A hands-on approach to stuffing proxy IPs into Python's pants pockets
The old driver of the crawler knows that Requests library is like the key to open the excavator, but without the proxy IP support, it will be caught by the site security (anti-crawling mechanism) in a minute. Today let's talk about how to put ipipgo proxy IP into the Python pants pocket.
import requests
The right way to open a proxy IP
proxies = {
"http": "http://user:password@gateway.ipipgo.com:9020",
"https": "http://user:password@gateway.ipipgo.com:9020"
}
response = requests.get("https://目标网站", proxies=proxies)
Watch this space.User name and passwordYou have to change the authentication information you got from ipipgo, and don't copy the port number, as each package gives a different channel. I fell into this last time, copying the port to the document and ended up blind for half an hour.
Winding up the Socks5 proxy
There are some special scenarios where you have to use socks5 protocol, and this time you have to install a small motor for Requests. First, install the dependency libraries:
pip install requests[socks]
The configuration poses are slightly different:
proxies = {
'http': 'socks5://user:password@gateway.ipipgo.com:9021',
'https': 'socks5://user:password@gateway.ipipgo.com:9021'
}
Here is a pitfall, ipipgo's socks port and http port are separate, don't get confused.

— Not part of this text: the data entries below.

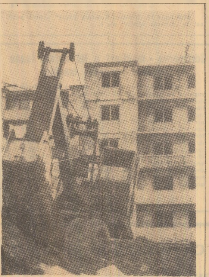
Se „sapă” fundația unui nou bloc de locuințe în cartierul Coroșești - Vulcan.

Pe de altă parte, fiind scema de posibilitățile de care dispune industria locală a obținut suplimentar comenzi la export pentru însemnate cantități de piese turnate din fontă, hidranți, din care în aceste zile vor fi exportate un prim lot de 3.300 bucăți.
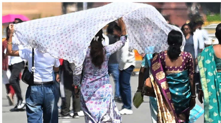
అమరావతి : ఆంధ్రప్రదేశ్ను తీవ్రమైన ఎండలు, వడగాల్పులు ఉక్కిరిబిక్కిరి చేస్తున్నాయి. రాష్ట్రంలోని అనేక ప్రాంతాల్లో ఉష్ణోగ్రతలు రికార్డు స్థాయికి చేరుకుంటున్నాయి. గురువారం ఒక్కరోజే నంద్యాల జిల్లా సంజామలలో అత్యధికంగా 45.1 డిగ్రీల సెల్సియస్ ఉష్ణోగ్రత నమోదైంది. రాజ్ యే మే, జూన్ నెలల్లో ఎండలు మరింత తీవ్రంగా ఉంటాయని, - మిగతా 2 లో
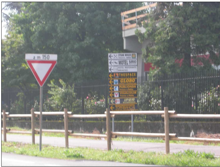
Posizione: Provinciale Monza Melzo Tipologia: Impianti Conformi
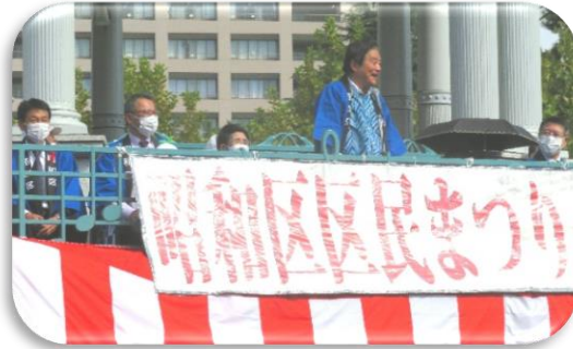
◇奏楽堂でオープニングセレモニーの河村市長挨拶
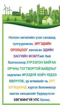
Ногоон хөгжлийн бодлогын зорилго ба стратегийн 6 зорилт
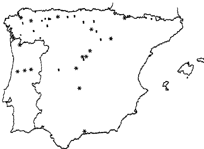
Mapa 5.—Distribución de Peltigera membranacea (Ach.) Nyl.
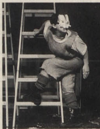
Gledališka skupina HAK Celovec
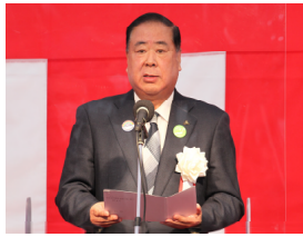
▲谷藤 裕明 盛岡市長 挨拶
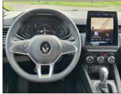
Tolles Ambiente: Im Renault Clio fühlen sich alle wohl.

etwas gleich gross sind, kann die Wahl entscheidend sein. In diesem Sommer prüfen wir den Clio E-Tech 140, der einen 42-Liter-Tank besitzt und bei einem Verbrauch von 4,3 l/100 km theoretisch über 900 Kilometer Reichweite hat. Der vollelektrische Zoe kommt – ebenfalls nach WLTP-Zyklus berechnet – gerade mal 395 km weit, dann muss er an die Ladestation. Unsere Erfahrungen zeigten, dass der
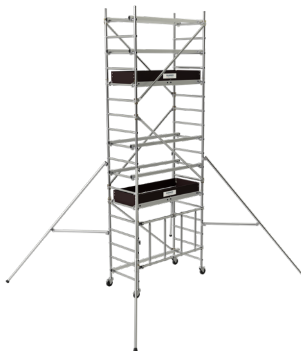
Modèle présenté : 22408541
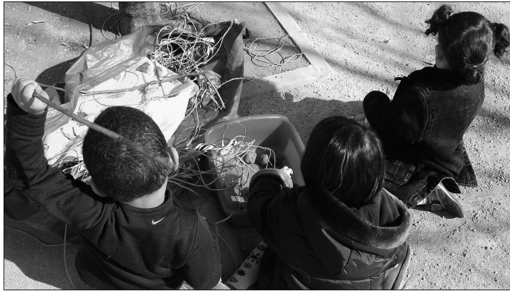
1. « Maintenant, vous pouvez prendre ce que vous voulez... » (photo de l'artiste, 2005).

fabriquer une cabane. Y a un grand sac avec plein de matériaux, des branches, des feuilles, des ficelles... » /
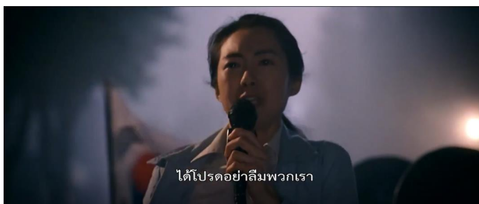
ภาพที่ 23 : การกระจายเสียงไปทั่วเมืองถึงวีรกรรมของพี่น้องชาวกวางจู

17. การกระจายเสียงไปทั่วเมืองถึงวีรกรรมของพี่น้องชาวกวางจู ภาพยนตร์ได้นำเสนอฉากเมื่อพักชินเอได้ทราบข่าวทุกคนถูกทหารสังหารตายหมดแล้ว เธอจึงได้ประกาศคำร้องขอต่อพี่น้องชาวกวางจูทุกคนขณะที่รถขับไปรอบเมืองว่า “พี่น้องกวางจู ได้โปรดอย่าลืมพวกเรา โปรดจดจำพวกเราไว้” โดยฉากที่ยกมานี้มีความคล้ายคลึงกับเหตุการณ์จริงที่เกิดขึ้นในประวัติศาสตร์ คือ พัก ยิง ซุน (Park Yeong Soon) หนึ่งในผู้ชุมนุมสตรีท่านหนึ่งที่ได้ร่วมอยู่ในวันสุดท้ายของเหตุการณ์สังหารหมู่ในกวางจู ก็ได้ประกาศข่าวเป็นครั้งสุดท้ายในห้องกระจายเสียง ซึ่งดังกังวานไปทั่วเมืองกวางจู โดยมีใจความว่า “เพื่อนพลเมืองของเรา ขณะนี้กองทัพได้เข้ามาเมืองมาแล้ว พี่น้องชายหญิงที่รักยิ่งของพวกเรา กำลังจะถูกสังหารด้วยปืนและดาบปลายปืน เราจะสู้กับกองทัพจนคนสุดท้าย จงร่วมต่อสู้จนถึงที่สุด พวกเราจะปกป้องกวางจูจนถึงวาระสุดท้าย กรุณาระลึกถึงพวกเราด้วย...!” ซึ่งเป็นคำร้องขอที่ประชาชนชาวเมืองกวางจูในเวลานั้นยังคงจดจำได้ (The May 18 History Compilation Committee of Gwangju, 2015 : 113)
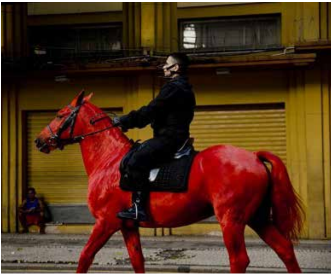
▲ Figura 9. Berna Reale. Palomo, 2012. Performance.
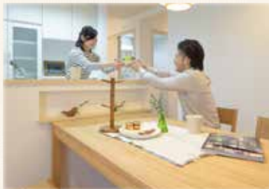
視線を合わせたコミュニケーションがとれる 対面キッチン
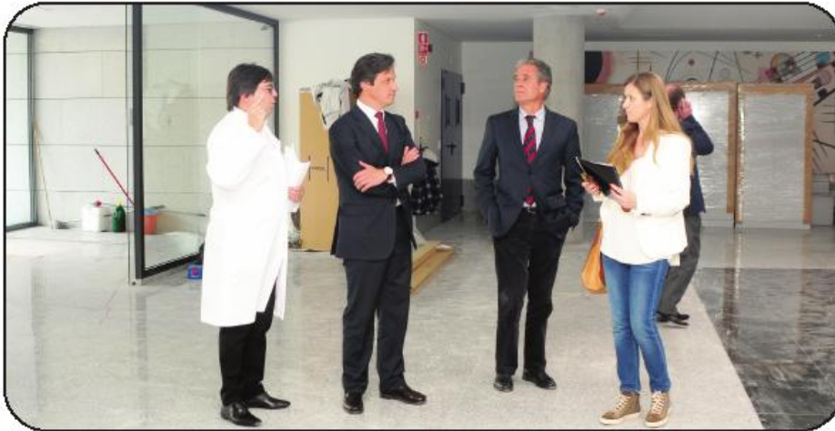
Presidente da Câmara visitou novas instalações, que deverão abrir já em Maio

O Hospital de Riba de Ave, que já se assume como uma referência em matéria de oftalmologia, tem condições de atingir a excelência com a criação de "duas novas unida-
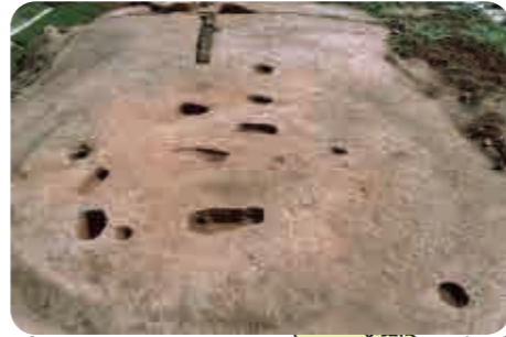
12 塚迫遺跡群(弥生時代) いくつも掘られた子どもを埋葬する穴
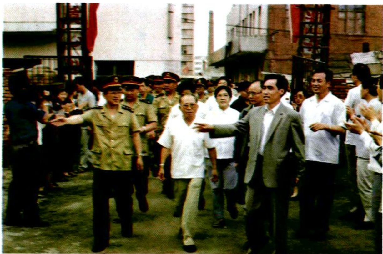
总政治部副主任于永波、省委副书记周文华视察我市军转干部住宅楼
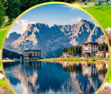
ทะเลสาบมิสุร์น่า
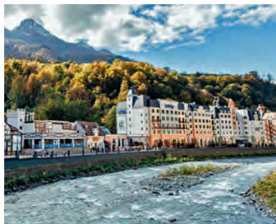
Вид с Романова моста

Вблизи отеля «Рэдиссон» расположена зона отдыха Rosa Beach с горным озером, детским бассейном и большой песочницей. Летом здесь загорают и купаются. Рядом берет начало лесная пешеходная Тропа здоровья длиной 3 км с мостиками, ступеньками, местами для отдыха и смотровыми площадками. Она проходит по склону хребта Псехако, минуя небольшой водопад. Три кольцевых маршрута доступны, только когда нет снега. На крытом катке зимой можно поиграть в хоккей или
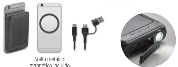
Anillo metálico magnético incluido
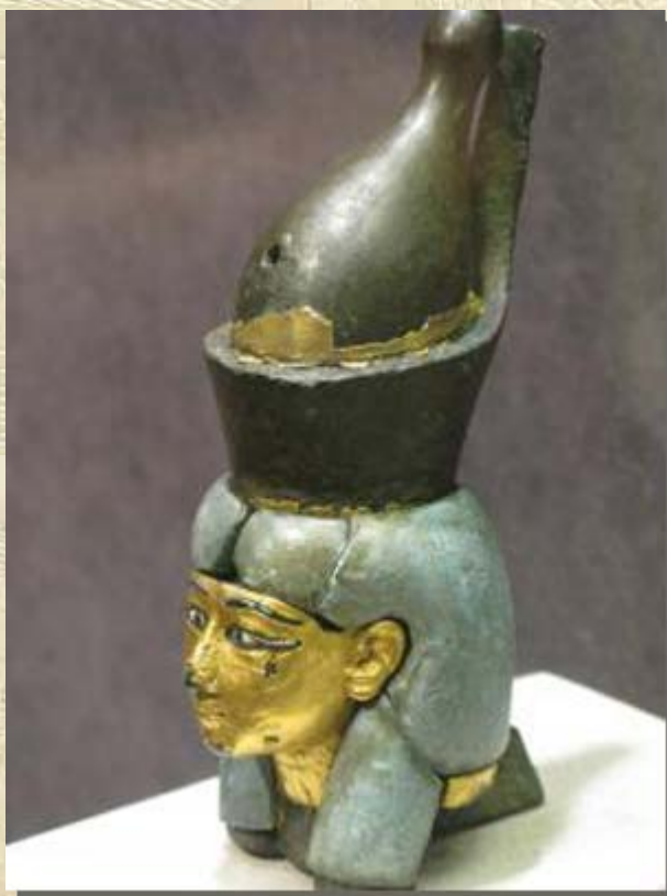
Moet, meesteres van Isjeroe
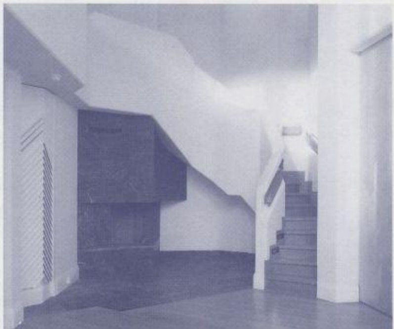
呼吸される木と光による空間です
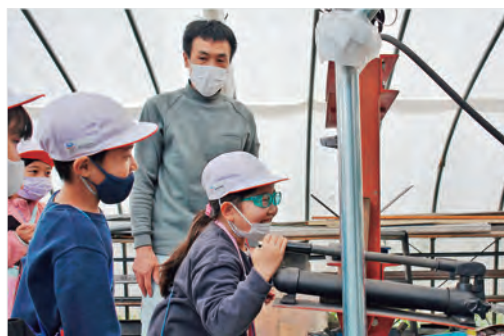
清水機械工業で機械を触ってみる児童

9月28日(水)~10月11日(火)、七ツ森小学校2年生12人は総合学習で学区内の企業を訪れました。創作陶器の十喜工房、ローソン七ツ森店、岩手日産自動車(株)雫石店、盛岡セイコー工業(株)、
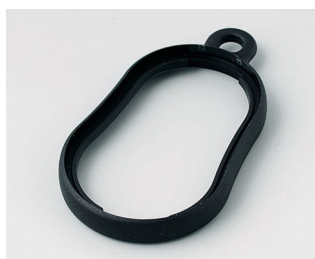
B9002356 Bague intermédiaire DS PMMA (IR) (UL 94 HB) noir RAL 9005
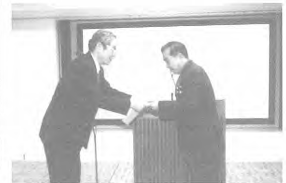
市長による市民安全推進員への委嘱

市民が防災についての専門的、実践的な知識を習得するための場として、平成9年9月に開講した「こうべ市民安全まちづくり大学」が、半年以上にわたる講座日程を無事に終え、3月12日(木)に修了式を迎えました。
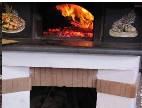
forno per pizze
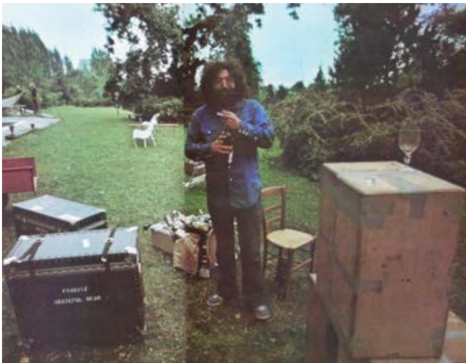
Jerry Garcia du Grateful Dead Avant le concert dans les jardins du Château d'Hérouville

I've used 9020 and 9021 in reverse before, and the program got stuck like a tractor.
Guerrilla tactics with dynamic IPs
If you're using a dynamic residential proxy, remember to add astochastic switchingThe organs of the
import random
def get_random_proxy():
proxy_list = [
"http://user:password@gateway2.ipipgo.com:9020", "http://user:password@gateway2.ipipgo.com:9020", "http://user:password@gateway2.ipipgo.com:9020", "http://user:password@gateway2.ipipgo.com:9020
"http://user:password@gateway3.ipipgo.com:9020"
]
return {'http': random.choice(proxy_list), 'https': random.choice(proxy_list)}
response = requests.get(url, proxies=get_random_proxy())
So that every request for a change of armor, anti-climbing system will not recognize you. But pay attention to ipipgo's dynamic package is based on traffic billing, don't slip and write a dead loop to use the package over.
QA First Aid Kit
Q: What can I do if the agent can't connect?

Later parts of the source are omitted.